* INFORMATION SUPPLIED:
--------------------------------------------------
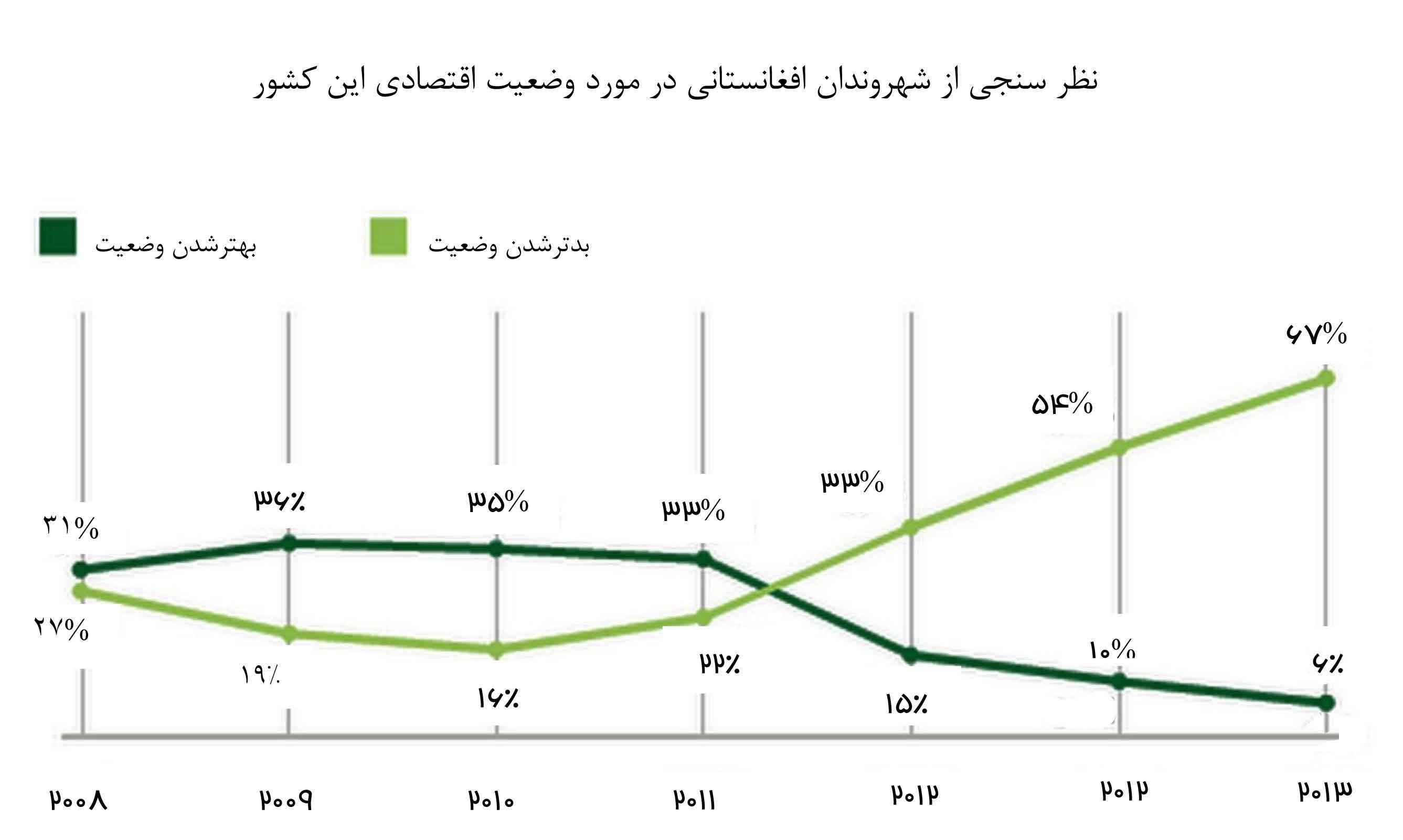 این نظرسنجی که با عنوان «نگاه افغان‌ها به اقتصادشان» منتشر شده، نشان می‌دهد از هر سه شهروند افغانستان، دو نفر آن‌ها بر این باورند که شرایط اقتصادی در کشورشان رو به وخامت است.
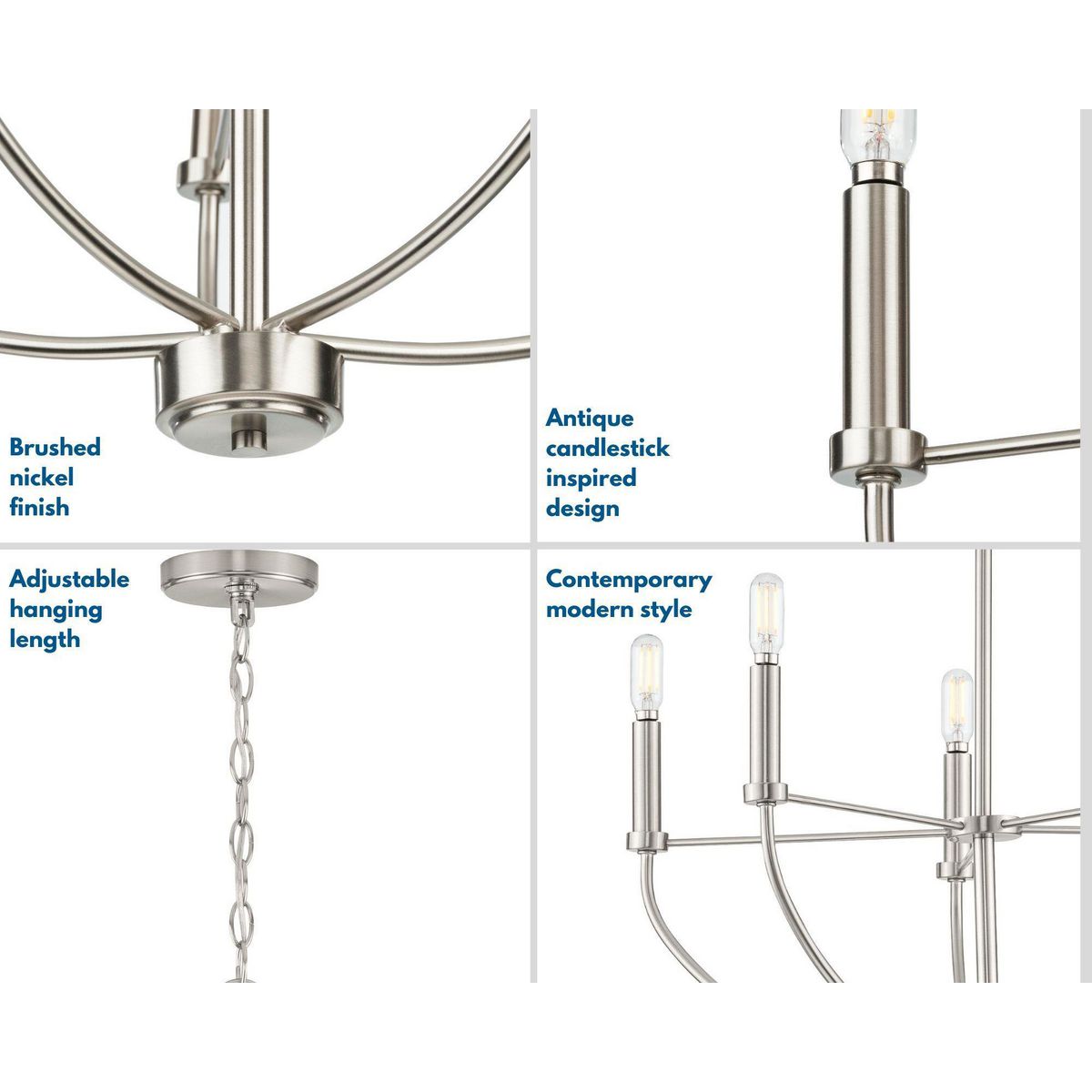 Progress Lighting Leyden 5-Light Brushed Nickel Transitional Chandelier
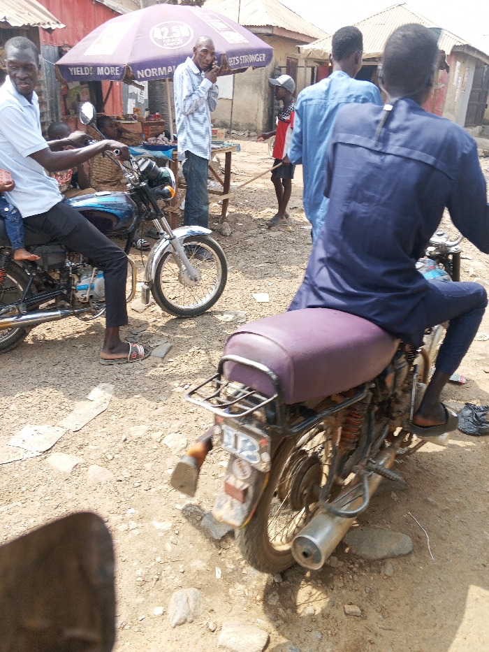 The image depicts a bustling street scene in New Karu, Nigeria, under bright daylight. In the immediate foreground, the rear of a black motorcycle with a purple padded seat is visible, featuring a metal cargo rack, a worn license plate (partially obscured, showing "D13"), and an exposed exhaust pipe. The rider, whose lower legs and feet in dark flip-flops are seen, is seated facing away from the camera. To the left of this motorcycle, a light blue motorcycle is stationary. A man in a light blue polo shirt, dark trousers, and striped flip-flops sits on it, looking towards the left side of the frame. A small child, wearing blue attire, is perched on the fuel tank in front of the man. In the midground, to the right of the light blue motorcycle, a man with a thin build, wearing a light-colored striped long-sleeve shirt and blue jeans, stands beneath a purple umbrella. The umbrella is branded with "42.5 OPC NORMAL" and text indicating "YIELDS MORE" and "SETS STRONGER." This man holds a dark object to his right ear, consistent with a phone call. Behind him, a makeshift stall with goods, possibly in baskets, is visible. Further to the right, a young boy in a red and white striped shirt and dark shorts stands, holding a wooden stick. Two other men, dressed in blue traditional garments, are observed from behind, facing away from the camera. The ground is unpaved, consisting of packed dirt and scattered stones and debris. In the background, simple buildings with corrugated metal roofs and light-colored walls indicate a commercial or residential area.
--------------------------------------------------
* REQUIRED ACTION: Without the pictures, retype all of the data above exactly.

* REPLY:
 این نظرسنجی که با عنوان «نگاه افغان‌ها به اقتصادشان» منتشر شده، نشان می‌دهد از هر سه شهروند افغانستان، دو نفر آن‌ها بر این باورند که شرایط اقتصادی در کشورشان رو به وخامت است.
 Progress Lighting Leyden 5-Light Brushed Nickel Transitional Chandelier
 The image depicts a bustling street scene in New Karu, Nigeria, under bright daylight. In the immediate foreground, the rear of a black motorcycle with a purple padded seat is visible, featuring a metal cargo rack, a worn license plate (partially obscured, showing "D13"), and an exposed exhaust pipe. The rider, whose lower legs and feet in dark flip-flops are seen, is seated facing away from the camera. To the left of this motorcycle, a light blue motorcycle is stationary. A man in a light blue polo shirt, dark trousers, and striped flip-flops sits on it, looking towards the left side of the frame. A small child, wearing blue attire, is perched on the fuel tank in front of the man. In the midground, to the right of the light blue motorcycle, a man with a thin build, wearing a light-colored striped long-sleeve shirt and blue jeans, stands beneath a purple umbrella. The umbrella is branded with "42.5 OPC NORMAL" and text indicating "YIELDS MORE" and "SETS STRONGER." This man holds a dark object to his right ear, consistent with a phone call. Behind him, a makeshift stall with goods, possibly in baskets, is visible. Further to the right, a young boy in a red and white striped shirt and dark shorts stands, holding a wooden stick. Two other men, dressed in blue traditional garments, are observed from behind, facing away from the camera. The ground is unpaved, consisting of packed dirt and scattered stones and debris. In the background, simple buildings with corrugated metal roofs and light-colored walls indicate a commercial or residential area.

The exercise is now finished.